Causal inference using the algorithmic Markov condition (Janzing and Schölkopf, 2008) replaces conditional independences between random variables, which define the structure of causal graphs, with algorithmic conditional independences between bit strings.
Conditional probabilities between variables become conditional complexities between strings, i.e. K(x|y) is the length of the shortest program that can generate the string x from y. Similarly, algorithmic mutual information I(x:y) is the amount of information that can be omitted in defining a string y given a shortest compressor for string x, I(x:y) = K(y) - K(y|x*). K(x,y) is the complexity of the concatenation of two strings x and y. These lead naturally to a definition of algorithmic conditional independence as I(x:y|z) = K(x|z) + K(y|z) - K(x,y|z) = 0 , where equality is defined up to the standard additive constant.

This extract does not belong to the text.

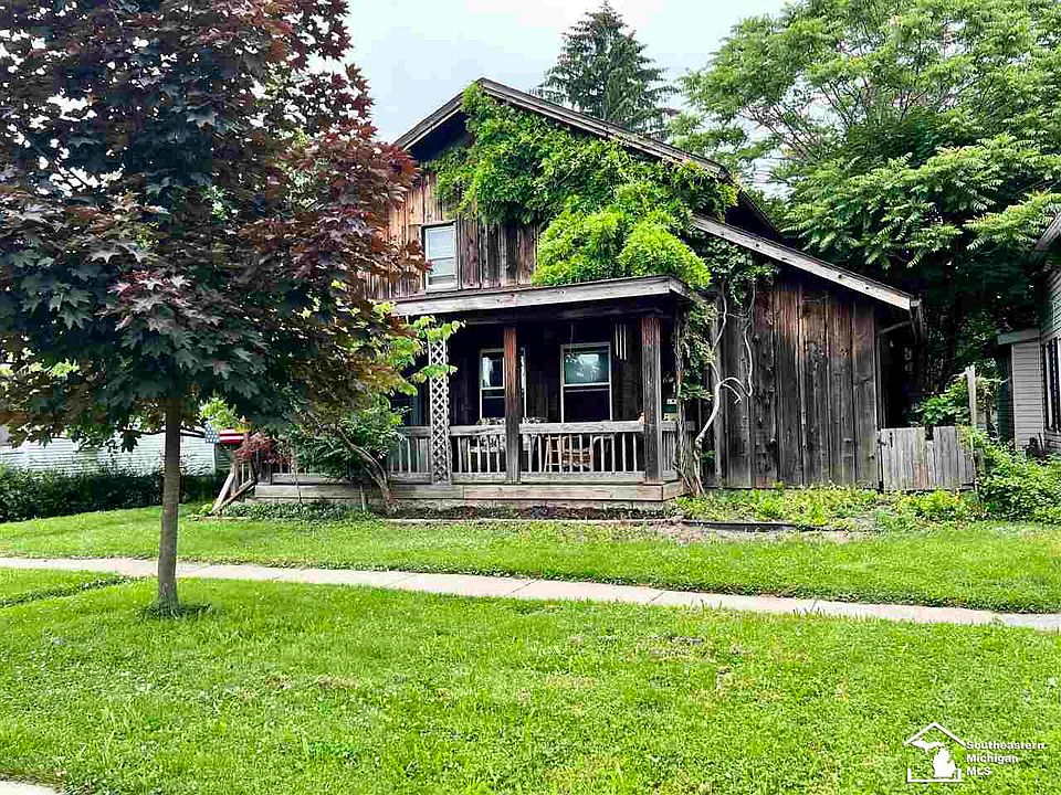 This cedar home built in 1853 (not a typo) will surprise you w it's huge family room addition boasting vaulted ceiling, beams, triple sliding doors to rear yard. Very open plan w modern kitchen, tons of cupboards and long counter for barstools, 2 skylights. Original house has 2 upstairs bedrooms w lighted closets and full bath, downstairs has en suite w large closet area and first floor laundry room. Original house has pine floors. There is a pleasant covered front porch and a huge rear deck. Garage is accessed from alley and 1/2 is a workshop w upstairs for another hobby area, additional paved parking area. Newer furnace. Walking distance to downtown, parks and water. Bring your imagination and make this home your own.

Then a lot of sexy, confusing proofs happen. When the dust settles, it looks like if you take some strings describing observations, interpret them as nodes in a graph, and "factor" so that a certain algorithmic Markov condition holds (every node string should be algorithmically independent of its non-descendant node strings given the optimal compressor of its parents' node strings), then every node can be computed by an O(1) program run on a Turing machine, with the node's parents and a noise term as input (with each node's noise string being jointly independent of the others).

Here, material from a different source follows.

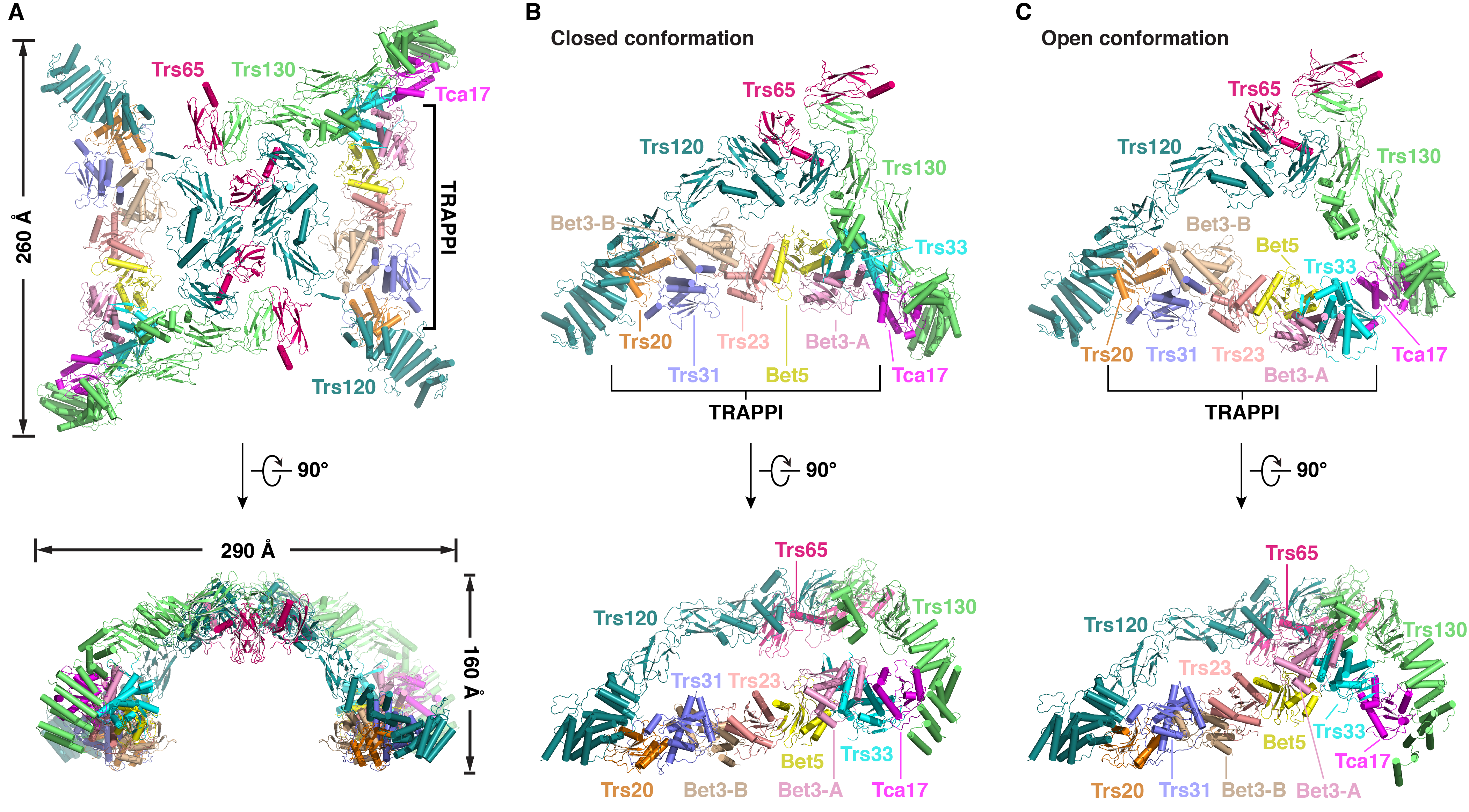 酵母TRAPPII复合体的结构。A,处于状态I的完整TRAPPII复合体的结构。B,闭合构象的TRAPPII单体的结构。C,开放构象的TRAPPII单体的结构。

Notably, this means that if we make two observations which were "generated from their parents by the same complex rule", then we can "postulate another causal link between the nodes that explains the similarity of mechanisms". They say "complex rule" because the mutual algorithmic information between simple information strings, like some digits of pi, will be swallowed up by additive constants. Which all seems very close to rediscovering TDT.
There's more to the paper, but that's the tasty bit, so the summary ends here.